▶ **ACTIVITY**: Repeat only the lines below from the one containing "Качественный и стильный" through the one containing "大通公園を横断する国道230", inclusive, exactly as written.

▶ **SOURCE MATERIAL**:
-- Opening Marker --

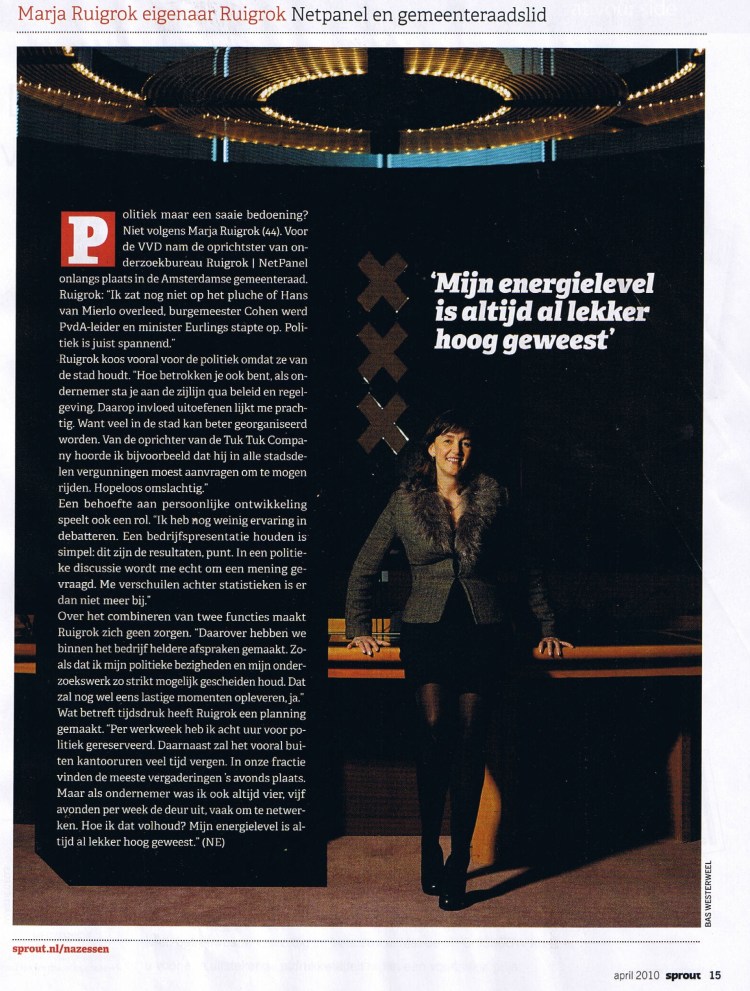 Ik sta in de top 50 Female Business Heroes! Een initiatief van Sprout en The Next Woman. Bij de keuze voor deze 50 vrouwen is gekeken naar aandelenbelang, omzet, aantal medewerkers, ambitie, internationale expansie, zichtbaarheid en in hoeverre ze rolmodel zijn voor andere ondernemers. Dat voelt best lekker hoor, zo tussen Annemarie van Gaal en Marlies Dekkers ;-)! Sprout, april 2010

-- Closing Marker --
-- Opening Marker --

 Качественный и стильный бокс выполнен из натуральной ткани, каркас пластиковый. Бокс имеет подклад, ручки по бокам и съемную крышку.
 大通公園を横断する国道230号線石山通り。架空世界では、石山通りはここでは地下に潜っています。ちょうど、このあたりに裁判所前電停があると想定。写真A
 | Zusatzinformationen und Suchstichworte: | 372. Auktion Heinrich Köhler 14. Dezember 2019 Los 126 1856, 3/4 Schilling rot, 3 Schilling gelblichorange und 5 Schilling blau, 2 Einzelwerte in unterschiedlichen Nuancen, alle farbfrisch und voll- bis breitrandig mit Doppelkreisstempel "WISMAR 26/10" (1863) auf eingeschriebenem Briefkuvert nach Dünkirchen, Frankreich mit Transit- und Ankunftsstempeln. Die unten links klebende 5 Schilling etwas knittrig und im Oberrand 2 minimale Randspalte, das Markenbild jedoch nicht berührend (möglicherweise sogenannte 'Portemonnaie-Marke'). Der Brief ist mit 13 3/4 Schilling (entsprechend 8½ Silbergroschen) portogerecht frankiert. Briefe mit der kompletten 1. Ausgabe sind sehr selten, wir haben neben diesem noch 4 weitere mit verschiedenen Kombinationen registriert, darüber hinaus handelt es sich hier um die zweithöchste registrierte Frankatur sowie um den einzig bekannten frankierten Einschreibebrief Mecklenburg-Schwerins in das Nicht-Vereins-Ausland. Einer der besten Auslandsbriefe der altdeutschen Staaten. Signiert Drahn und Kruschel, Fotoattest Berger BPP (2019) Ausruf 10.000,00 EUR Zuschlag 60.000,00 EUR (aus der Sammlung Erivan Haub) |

-- Closing Marker --
-- Opening Marker --

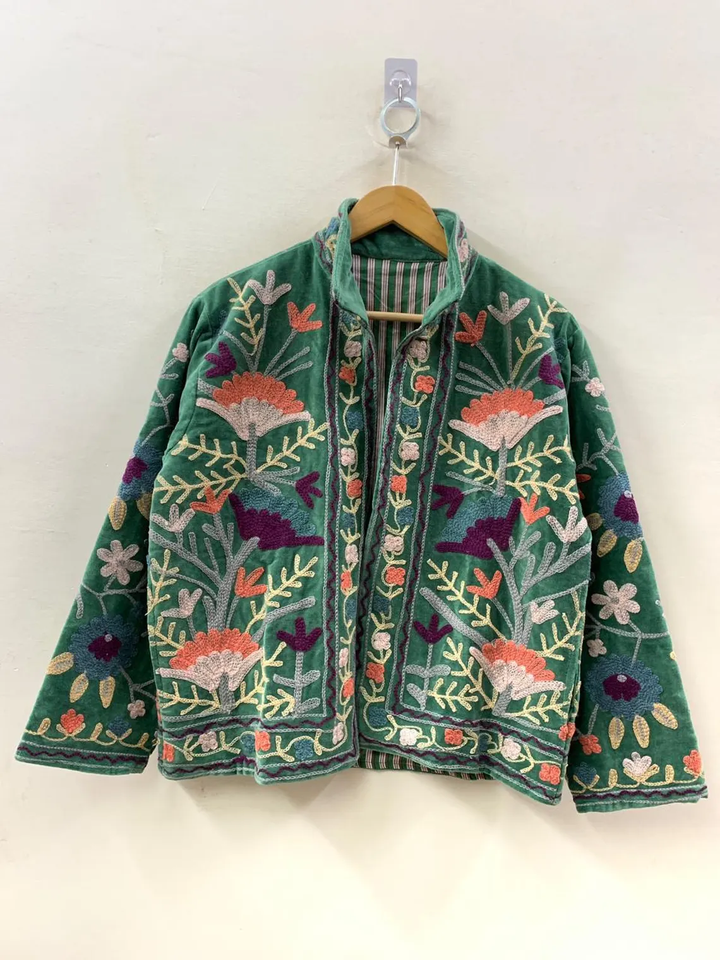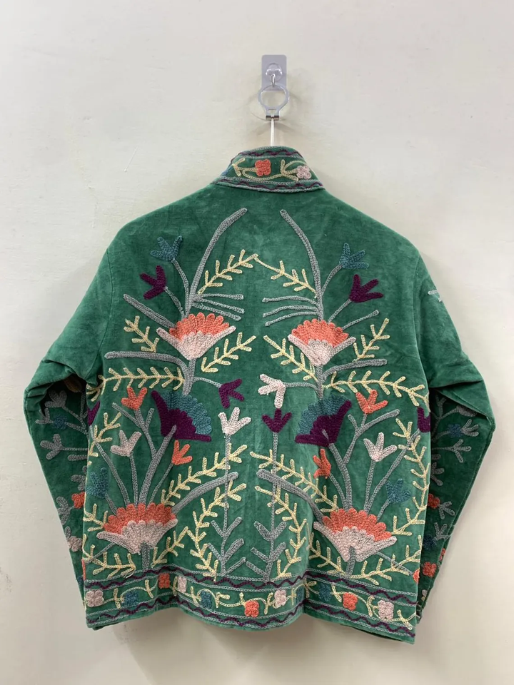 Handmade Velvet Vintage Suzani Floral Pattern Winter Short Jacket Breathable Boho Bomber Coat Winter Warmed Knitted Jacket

-- Closing Marker --

▶ **THE COMPLETED TASK**:
 Качественный и стильный бокс выполнен из натуральной ткани, каркас пластиковый. Бокс имеет подклад, ручки по бокам и съемную крышку.
 大通公園を横断する国道230号線石山通り。架空世界では、石山通りはここでは地下に潜っています。ちょうど、このあたりに裁判所前電停があると想定。写真A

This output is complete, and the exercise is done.